## EXERCISE OBJECTIVE
Starting with the line that contains "Fototapeta premium île" and stopping after the line that contains "華為傳送網(wǎng)產(c", copy the entries below exactly. Include nothing else.

## DATA FOR PROCESSING
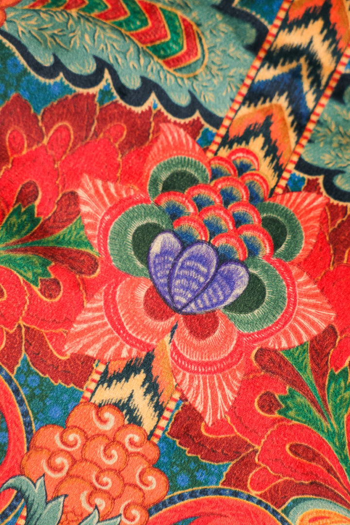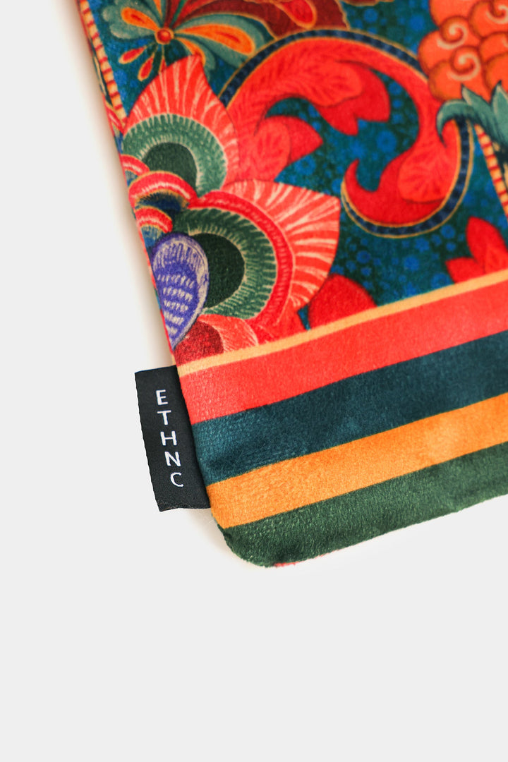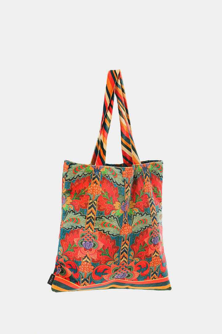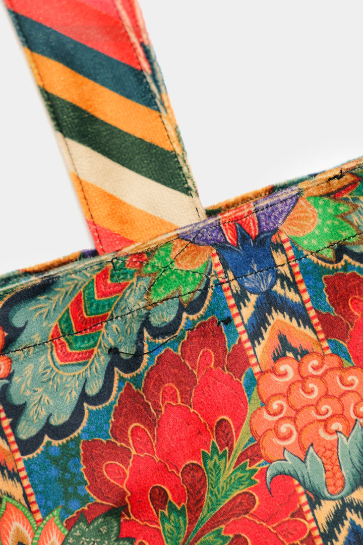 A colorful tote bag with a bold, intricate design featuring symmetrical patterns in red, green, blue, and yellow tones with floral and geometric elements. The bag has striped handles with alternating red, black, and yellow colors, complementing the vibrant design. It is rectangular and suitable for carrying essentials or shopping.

* * *

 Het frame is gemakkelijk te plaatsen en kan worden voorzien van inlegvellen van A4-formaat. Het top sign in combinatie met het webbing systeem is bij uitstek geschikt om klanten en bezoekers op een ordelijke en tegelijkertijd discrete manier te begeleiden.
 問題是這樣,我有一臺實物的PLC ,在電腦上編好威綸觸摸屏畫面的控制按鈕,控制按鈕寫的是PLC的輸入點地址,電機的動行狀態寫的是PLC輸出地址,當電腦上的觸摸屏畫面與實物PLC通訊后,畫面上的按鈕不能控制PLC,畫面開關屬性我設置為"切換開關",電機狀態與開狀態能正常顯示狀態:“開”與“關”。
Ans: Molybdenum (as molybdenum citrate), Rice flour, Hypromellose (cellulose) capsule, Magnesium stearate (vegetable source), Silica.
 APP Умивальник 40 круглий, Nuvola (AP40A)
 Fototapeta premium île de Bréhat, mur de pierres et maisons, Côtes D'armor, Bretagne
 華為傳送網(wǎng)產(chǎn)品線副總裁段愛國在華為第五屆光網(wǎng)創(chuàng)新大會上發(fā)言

## OUTPUT FOR THIS TASK
 Fototapeta premium île de Bréhat, mur de pierres et maisons, Côtes D'armor, Bretagne
 華為傳送網(wǎng)產(chǎn)品線副總裁段愛國在華為第五屆光網(wǎng)創(chuàng)新大會上發(fā)言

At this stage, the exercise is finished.